## TASK BRIEF
Please return exactly the lines from the beginning of the listing up to and including the line with "Готовые домашние задания", with no pictures.

## INFORMATION SUPPLIED
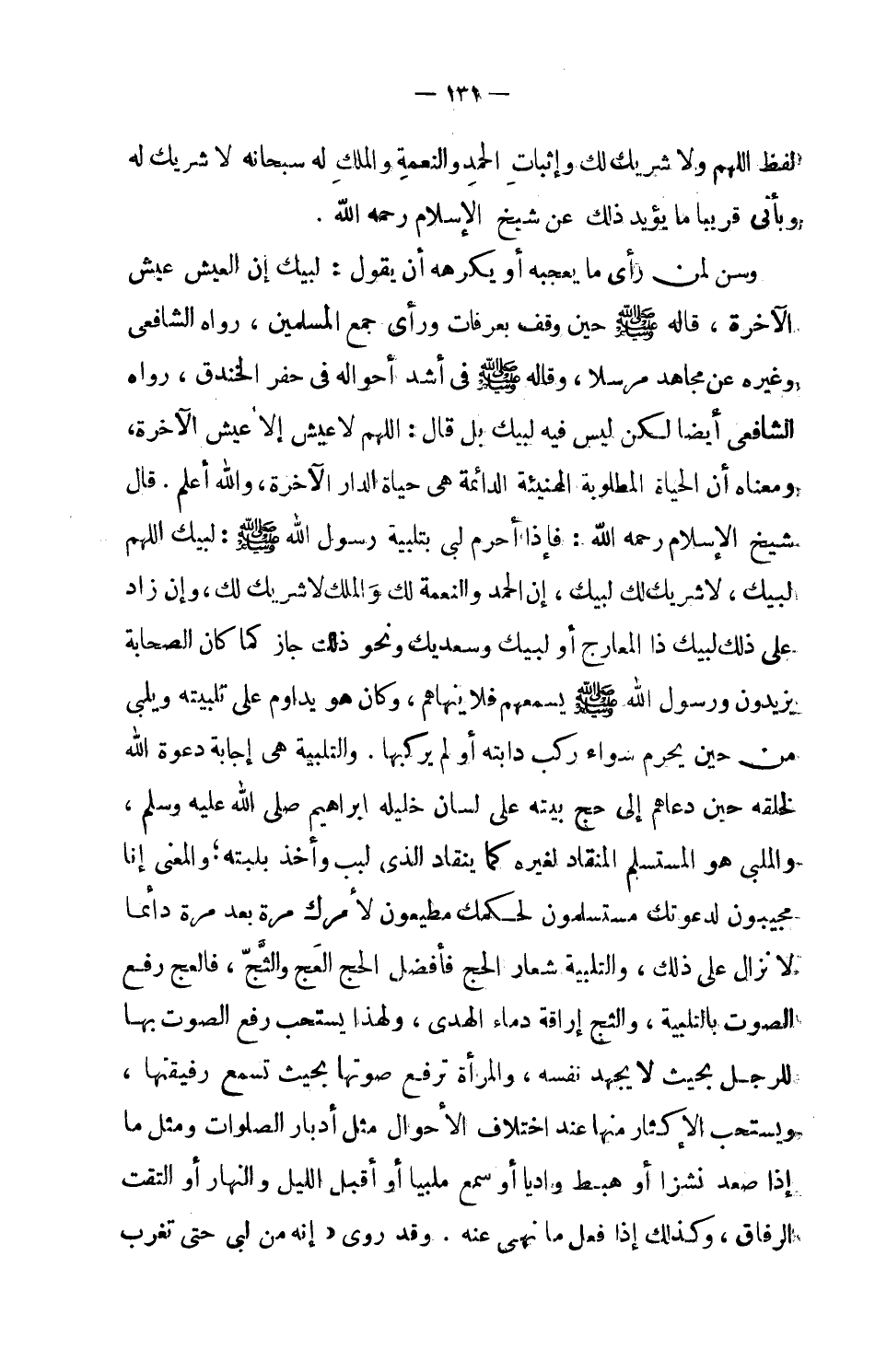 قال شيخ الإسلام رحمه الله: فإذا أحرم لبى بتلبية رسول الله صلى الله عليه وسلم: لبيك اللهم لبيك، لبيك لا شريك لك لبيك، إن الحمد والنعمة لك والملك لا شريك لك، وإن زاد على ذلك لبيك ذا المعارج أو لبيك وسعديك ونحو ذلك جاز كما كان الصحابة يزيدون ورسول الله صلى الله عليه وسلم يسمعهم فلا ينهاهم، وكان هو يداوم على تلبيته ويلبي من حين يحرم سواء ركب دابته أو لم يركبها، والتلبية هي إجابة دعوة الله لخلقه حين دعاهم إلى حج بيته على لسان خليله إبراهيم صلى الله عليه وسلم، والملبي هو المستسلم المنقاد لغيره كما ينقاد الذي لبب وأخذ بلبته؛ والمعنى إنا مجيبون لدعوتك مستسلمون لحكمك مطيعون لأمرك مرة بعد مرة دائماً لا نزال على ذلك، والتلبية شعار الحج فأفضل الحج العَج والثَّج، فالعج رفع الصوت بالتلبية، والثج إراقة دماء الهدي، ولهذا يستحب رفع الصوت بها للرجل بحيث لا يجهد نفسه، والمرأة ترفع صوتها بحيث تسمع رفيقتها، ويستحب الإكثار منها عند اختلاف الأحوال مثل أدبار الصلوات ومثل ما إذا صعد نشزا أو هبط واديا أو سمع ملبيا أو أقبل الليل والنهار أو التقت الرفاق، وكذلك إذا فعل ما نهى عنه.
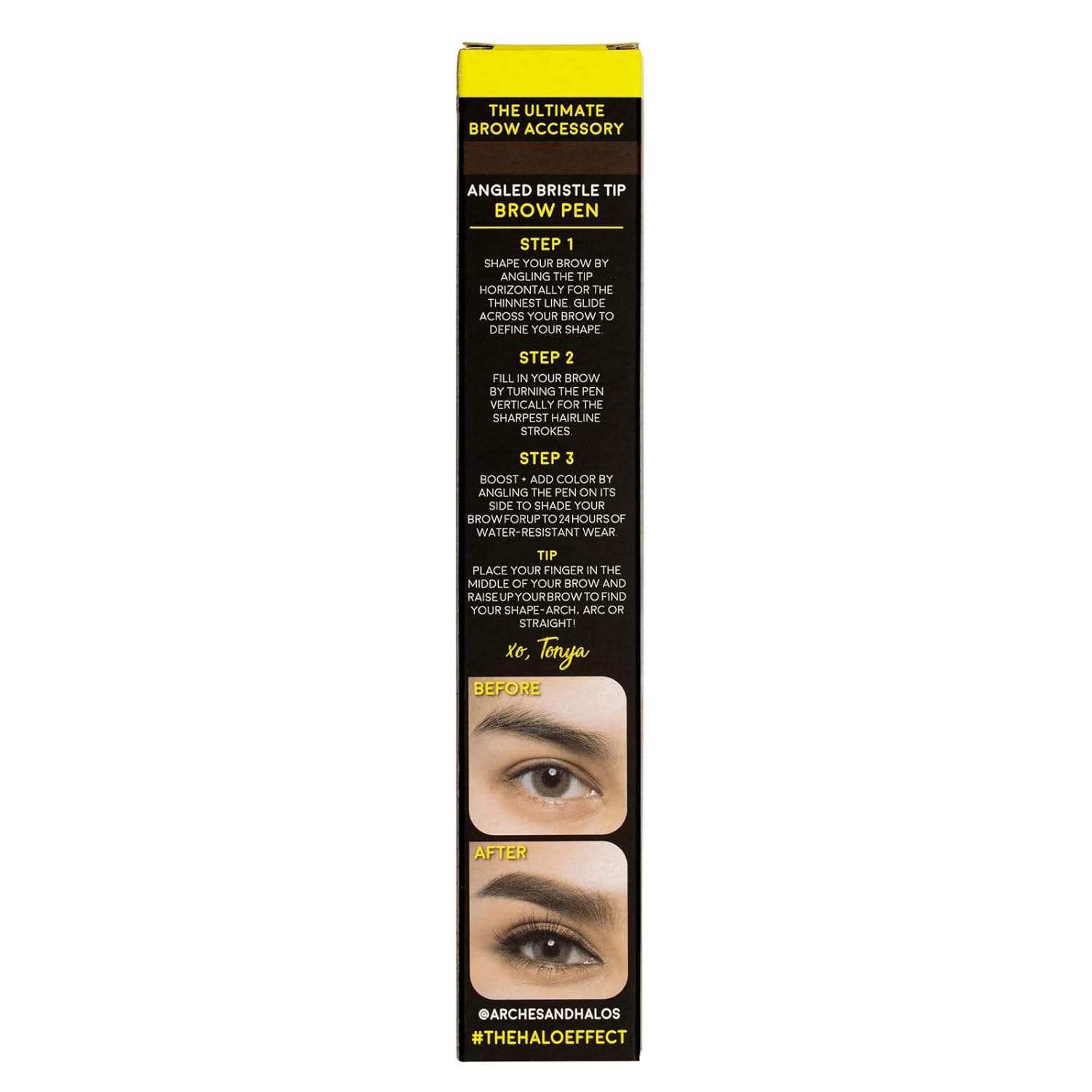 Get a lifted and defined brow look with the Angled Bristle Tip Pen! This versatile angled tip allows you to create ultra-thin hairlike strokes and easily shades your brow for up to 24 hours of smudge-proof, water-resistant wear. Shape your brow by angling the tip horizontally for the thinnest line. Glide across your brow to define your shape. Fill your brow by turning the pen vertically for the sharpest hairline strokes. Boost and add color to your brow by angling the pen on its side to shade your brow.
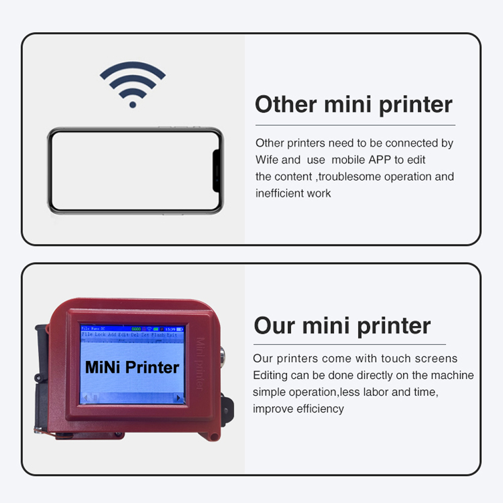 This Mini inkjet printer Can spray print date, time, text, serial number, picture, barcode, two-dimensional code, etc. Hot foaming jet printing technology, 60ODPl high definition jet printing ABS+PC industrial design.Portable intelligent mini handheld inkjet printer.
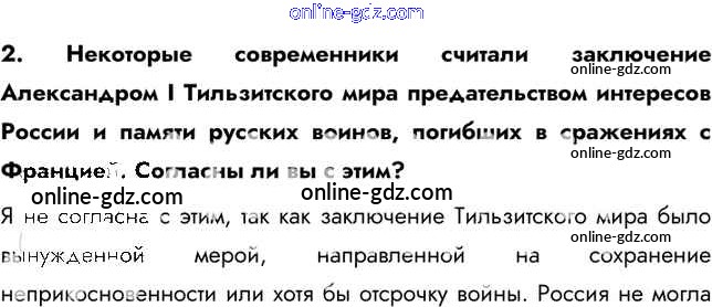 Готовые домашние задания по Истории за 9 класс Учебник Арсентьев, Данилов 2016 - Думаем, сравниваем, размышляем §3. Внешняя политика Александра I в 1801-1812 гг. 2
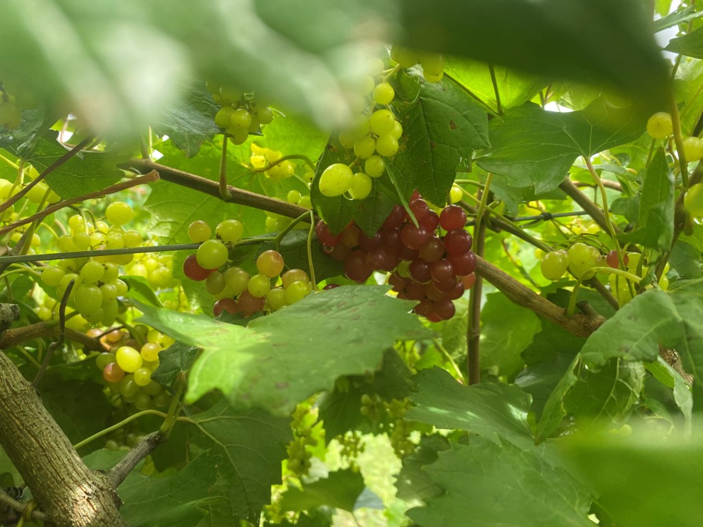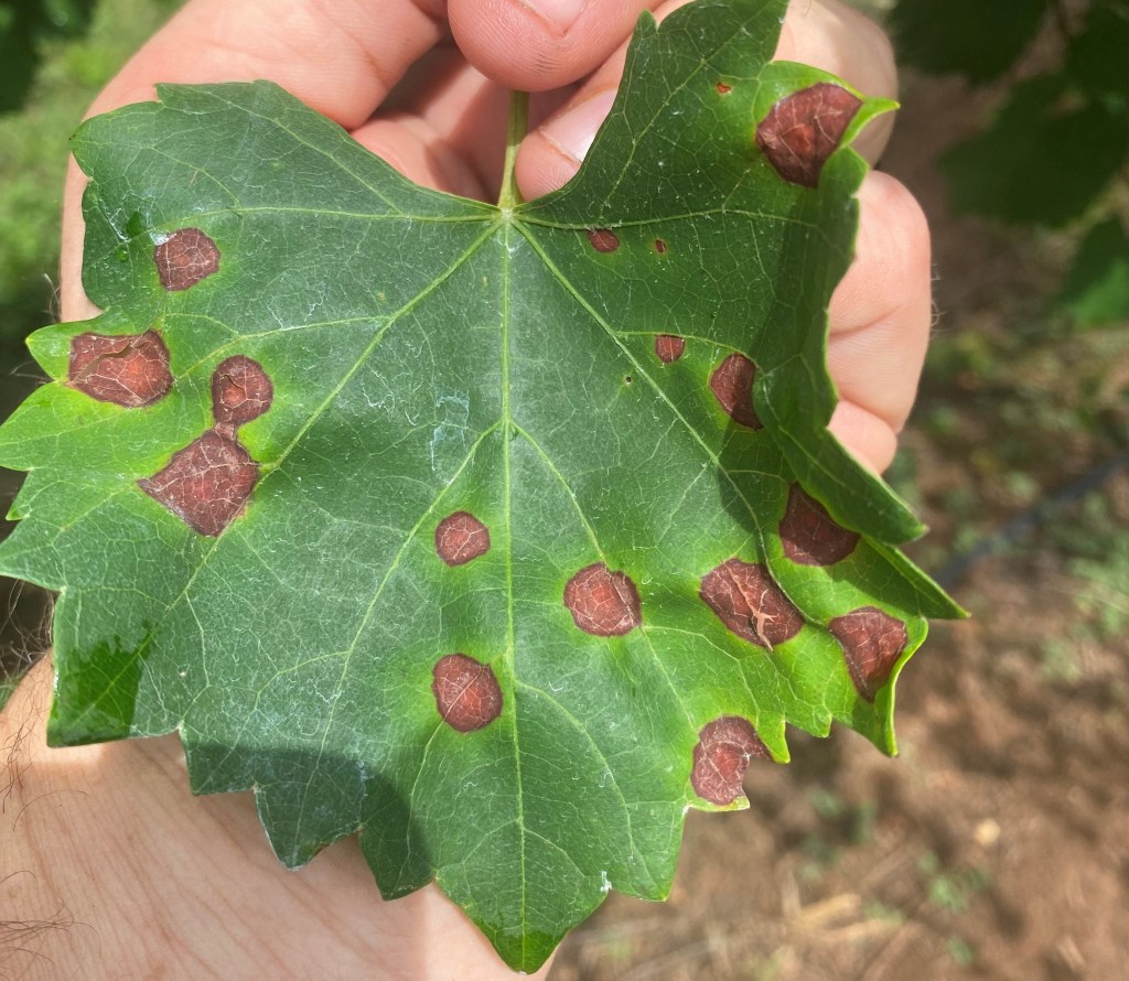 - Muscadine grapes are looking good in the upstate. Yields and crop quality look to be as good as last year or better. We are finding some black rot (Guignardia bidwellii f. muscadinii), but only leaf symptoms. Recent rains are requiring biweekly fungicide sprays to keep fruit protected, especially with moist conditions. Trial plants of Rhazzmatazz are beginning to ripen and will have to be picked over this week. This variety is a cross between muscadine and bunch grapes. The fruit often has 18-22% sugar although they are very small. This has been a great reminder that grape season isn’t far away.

## COMPLETED TASK
 قال شيخ الإسلام رحمه الله: فإذا أحرم لبى بتلبية رسول الله صلى الله عليه وسلم: لبيك اللهم لبيك، لبيك لا شريك لك لبيك، إن الحمد والنعمة لك والملك لا شريك لك، وإن زاد على ذلك لبيك ذا المعارج أو لبيك وسعديك ونحو ذلك جاز كما كان الصحابة يزيدون ورسول الله صلى الله عليه وسلم يسمعهم فلا ينهاهم، وكان هو يداوم على تلبيته ويلبي من حين يحرم سواء ركب دابته أو لم يركبها، والتلبية هي إجابة دعوة الله لخلقه حين دعاهم إلى حج بيته على لسان خليله إبراهيم صلى الله عليه وسلم، والملبي هو المستسلم المنقاد لغيره كما ينقاد الذي لبب وأخذ بلبته؛ والمعنى إنا مجيبون لدعوتك مستسلمون لحكمك مطيعون لأمرك مرة بعد مرة دائماً لا نزال على ذلك، والتلبية شعار الحج فأفضل الحج العَج والثَّج، فالعج رفع الصوت بالتلبية، والثج إراقة دماء الهدي، ولهذا يستحب رفع الصوت بها للرجل بحيث لا يجهد نفسه، والمرأة ترفع صوتها بحيث تسمع رفيقتها، ويستحب الإكثار منها عند اختلاف الأحوال مثل أدبار الصلوات ومثل ما إذا صعد نشزا أو هبط واديا أو سمع ملبيا أو أقبل الليل والنهار أو التقت الرفاق، وكذلك إذا فعل ما نهى عنه.
 Get a lifted and defined brow look with the Angled Bristle Tip Pen! This versatile angled tip allows you to create ultra-thin hairlike strokes and easily shades your brow for up to 24 hours of smudge-proof, water-resistant wear. Shape your brow by angling the tip horizontally for the thinnest line. Glide across your brow to define your shape. Fill your brow by turning the pen vertically for the sharpest hairline strokes. Boost and add color to your brow by angling the pen on its side to shade your brow.
 This Mini inkjet printer Can spray print date, time, text, serial number, picture, barcode, two-dimensional code, etc. Hot foaming jet printing technology, 60ODPl high definition jet printing ABS+PC industrial design.Portable intelligent mini handheld inkjet printer.
 Готовые домашние задания по Истории за 9 класс Учебник Арсентьев, Данилов 2016 - Думаем, сравниваем, размышляем §3. Внешняя политика Александра I в 1801-1812 гг. 2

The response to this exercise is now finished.